The tears had stopped, but now he was breathing hard. There was stored energy in his posture and rampant indecision on his face.

“Let me ask you something,” he said. “How would you like getting your ass kicked? Coming onto my property. Threatening me. I’d be justified.”

I rolled up from a sitting position into a squat. He stayed seated, still leaning against the wall.

“Others have tried.”

“I know you’re good with your fists, Sam, but they won’t do much good on a guy who knows a hundred ways to kill you before you know you’re dead.”

“I know that. I’m not here to fight. I just want information. And if you don’t give it to me, there’ll be other people after me asking the same things. It won’t go away.”

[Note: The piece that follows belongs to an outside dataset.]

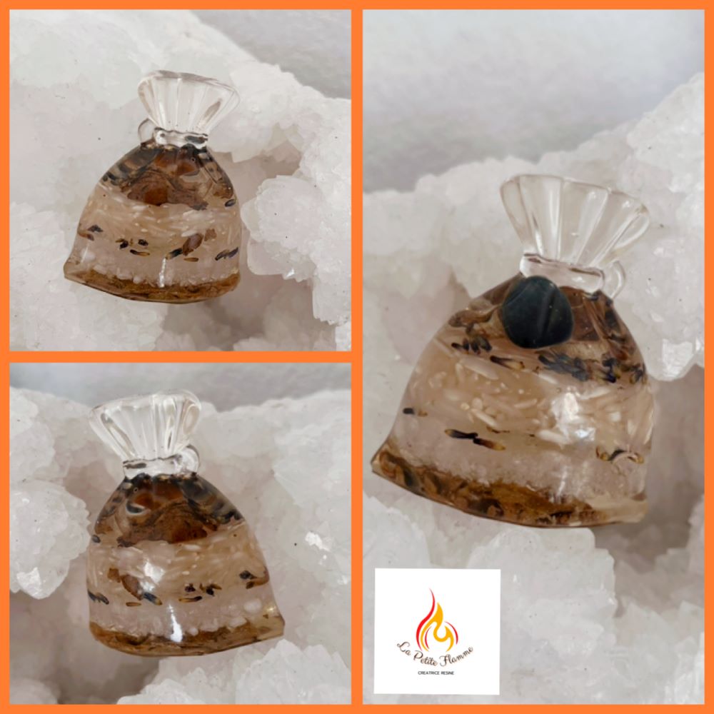 Sa composition en résine époxy , elle renferme des fleurs , herbes séchées , des épices et de l’Oeil de tigre et la magie de La Petite Flamme.

He settled back deeper into the wall.

“Jesus Christ, I hate this shit.”

“What shit?”

“Civilian shit. No honor. No loyalty. Just civilian bullshit.” Not knowing what to say to that, I just waited him out. “The guy was a boy scout, what can I say. But not stuck on himself, not some holier-than-thou. You’re right. You live with somebody day in and day out in those circumstances, you talk about things you’d never talk about with anyone else. Fine for me. I was a general fuck-up and didn’t care one way or the other what anybody thought. But the captain had this one thing eating his guts out.

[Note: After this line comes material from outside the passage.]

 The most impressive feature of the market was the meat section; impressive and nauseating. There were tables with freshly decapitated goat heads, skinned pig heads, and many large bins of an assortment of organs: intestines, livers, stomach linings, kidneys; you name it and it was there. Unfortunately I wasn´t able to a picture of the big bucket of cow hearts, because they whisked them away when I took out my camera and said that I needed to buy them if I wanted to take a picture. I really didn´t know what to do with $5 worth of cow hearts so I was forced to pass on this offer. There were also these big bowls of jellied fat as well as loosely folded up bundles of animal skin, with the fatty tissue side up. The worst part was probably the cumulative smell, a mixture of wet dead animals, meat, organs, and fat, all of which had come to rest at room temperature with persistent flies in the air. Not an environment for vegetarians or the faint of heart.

“The only dumb thing he ever does and he’s like burning up with guilt. You’re Catholic, right? They tell us we have to confess shit like that to keep our ass out of hell. The captain didn’t have a priest handy so me and Alfie were the next best thing.”

“Oksana,” I said.

“What guy doesn’t catch a little extracurricular tail, especially when it’s served up by a drop-dead babe like that? I’ve only seen her a couple times, but oh my Lord.”

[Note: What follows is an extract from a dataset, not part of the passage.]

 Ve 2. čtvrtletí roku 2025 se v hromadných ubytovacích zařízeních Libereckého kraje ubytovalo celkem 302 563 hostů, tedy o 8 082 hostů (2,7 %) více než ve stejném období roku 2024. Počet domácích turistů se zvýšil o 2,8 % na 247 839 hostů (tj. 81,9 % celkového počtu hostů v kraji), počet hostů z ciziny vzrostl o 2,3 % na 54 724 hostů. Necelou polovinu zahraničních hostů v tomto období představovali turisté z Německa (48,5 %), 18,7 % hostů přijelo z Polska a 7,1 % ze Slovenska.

I didn’t tell him I never caught the opportunities flung my way when I was in a miserable marriage, nor in any situation where the only restraint was a matter of honor and loyalty.

“I hope it made him feel better,” I said. “Telling you guys.”

His sadness reminded me of Dean Chaplin’s. The type expressed by men who’ve lost other men in ways they have trouble fully understanding.

“I guess,” said Jimmy. “Only it wasn’t the fooling around part that had him so tied up in knots.”

“It wasn’t?”

“I’ll make it easy for you. Oksana had this crazy thing for the captain so he tried to shake her by changing jobs. Got a gig with NYU in the city, but she tracks him down. That’s when the serious shit kicks in. She tells him she’ll put a billboard up in Times Square about the two of them if he doesn’t get her into law school. So he does, somehow, even though she’s no way qualified. That’s what ripped the poor bastard apart. Not boffing the beauty queen, but for cheating to get her into NYU. I’m thinking, that’s it? But everybody’s got their own demons.”